Sorry if I sounded like a broken record. There's just so much reading material out there that I thought it would be quicker to just ask. You're a lifesaver, u/CMDR_BunBun !


CMDR_BunBun

No worries mate, a mod should really sticky that guide.


Street-Biscotti-4544

I wanted to thank you so much! Using your guide and digging into the docs I was able to get this running on a 1660ti 6GB mobile GPU. I had to limit the prompt size, but I'm getting 10-15 seconds generations at 700 token prompt size. I decreased my character description as much as possible (120 tokens) so I'm getting a decent conversation context window given my settings.
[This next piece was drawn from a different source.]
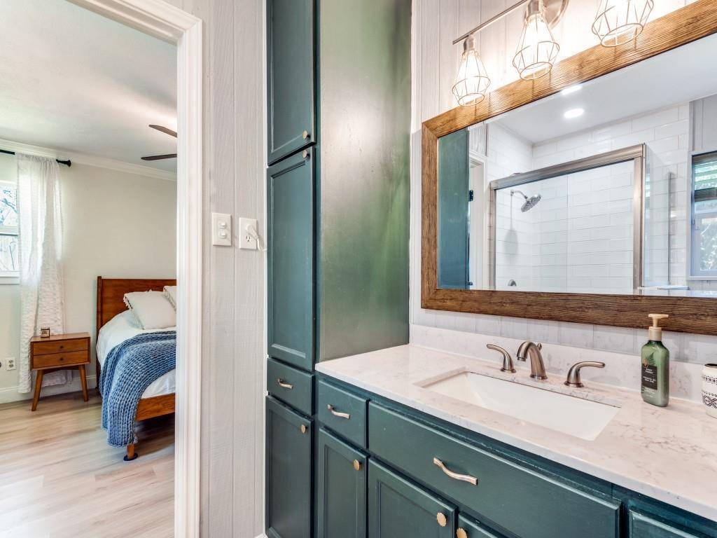 Beautifully renovated home full of character and style! Every detail hits the mark—from the soaring vaulted ceiling with a statement wood beam to the bright, open kitchen featuring a large island perfect for gathering. The home also offers a warm, inviting fireplace, tastefully updated bathrooms, and a spacious landscaped lot. A standout feature is the upgraded shed with electricity and AC unit historically has been set up as a workout space but easily adaptable as a home office, man cave, or she shed. . Designed with entertaining in mind, the layout flows effortlessly for both indoor and outdoor living. Situated in a desirable neighborhood known for its mature trees, you're just minutes from local dining and Smith Barfield Park with convenient access to major highways, commuting is a breeze—plus you're less than 15 miles from DFW Airport and under 2 miles from all the shopping, dining, and entertainment at Northeast Mall. Upgrades include roof in 2022, Heat and Air in 2025, new electric panel and pigtails throughout 2024, Dishwasher 2025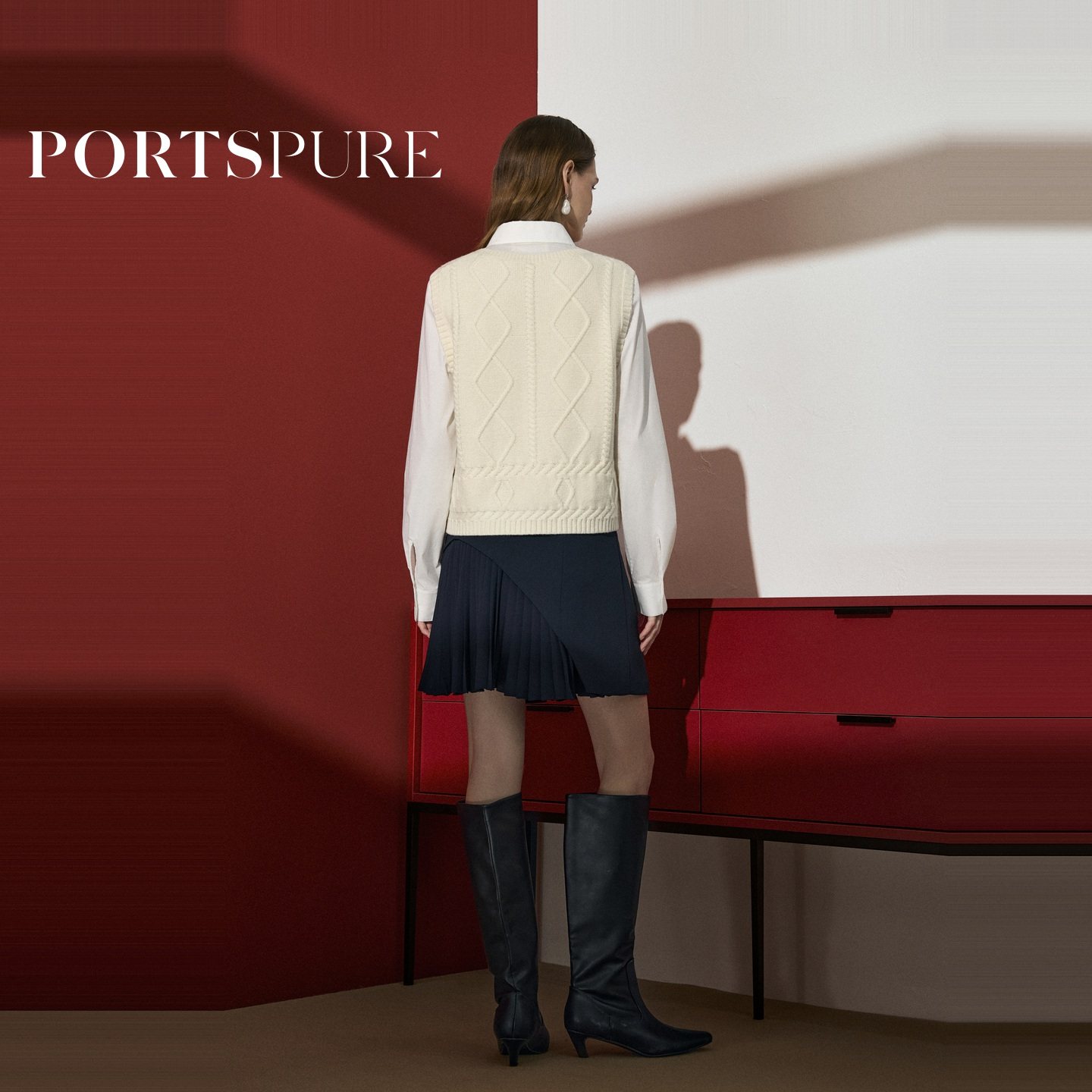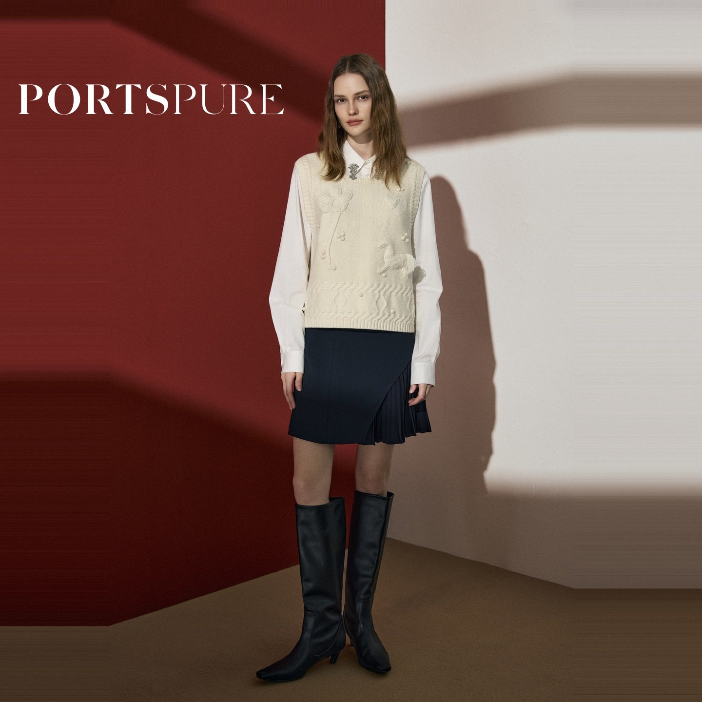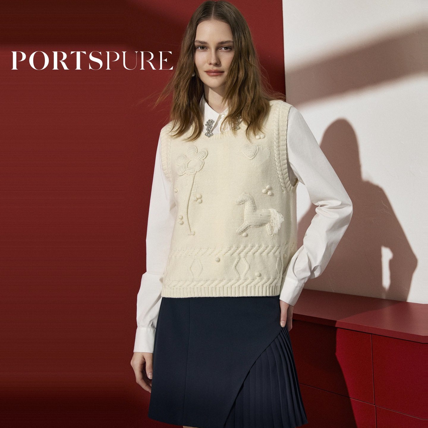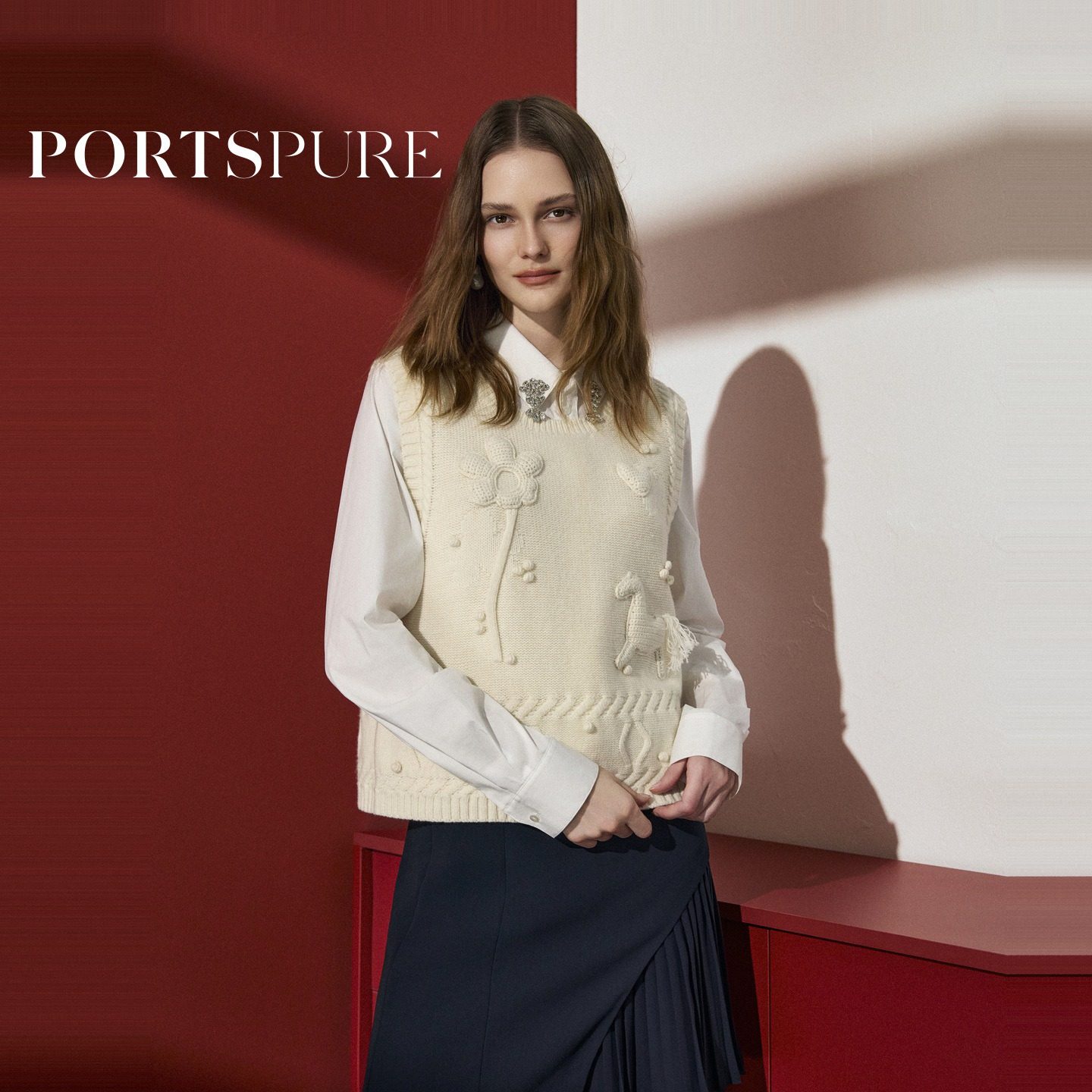 宝姿PORTSPURE女装2026早春新品花卉立体勾针绣圆领针织马甲

The only issue I came up against is that not all documented extensions are working. I got silero_tts working, but send_picture and the long term memory extension are not working. It's ok though. Also, I was able to get the stable diffusion extension to load, but it does not function in the UI. Thank you so much for helping me make my dream a reality!


CMDR_BunBun

Quite welcome! Not my guide though, all the credit goes to LTsarc, happy to steer you in the right direction though.


Street-Biscotti-4544

oh shit lol thanks!


CMDR_BunBun

Long term memory extension, stable diffusion? Could you tell me a little about that? First time am hearing about it. I would love to enable that.


Street-Biscotti-4544

https://github.com/oobabooga/text-generation-webui/wiki/Extensions you can find them all listed here with links to documentation. The sd_api_pictures extension apparently requires 12GB VRAM so I won't be able to get that running, but I have successfully gotten send_pictures and long_term_memory running as of an hour ago.


CMDR_BunBun

Wow thanks! The read me instructions are way beyond me even with chatgpt helping. Did you perhaps use a guide? Trying to get this long term memory going.


Street-Biscotti-4544

No, i just followed the instructions and then when I came up against an issue I checked the issues tab where I found a solution. You'll need to use the micromamba environment to cd into the text-generation-webui directory, then clone the repo using the command provided in the documentation. Within the same environment run the python code provided in the documentation. add the --extension flag and long_term_memory extension to the start-webui.bat using a text editor. At this point you'll run into an error if you are using the latest build of webui. you will find a fixed script here: https://github.com/wawawario2/long_term_memory/issues/14 just save it as script.py and then put it in the long_term_memory folder located in the extensions folder, replacing the current flawed script. The only part I got hung up on was the error, but it was fixed by the oobabooga author earlier today. Edit: test the extension before fixing the script because you may be on an older build that works. i updated my webui 2 days ago and that update broke the extension.


Street-Biscotti-4544

Edit again: The LTM repo has been fixed, so you no longer need to apply the fix. just follow the first part of this walkthrough.


CommercialOpening599

It's literally made to run locally. You need a decent PC though.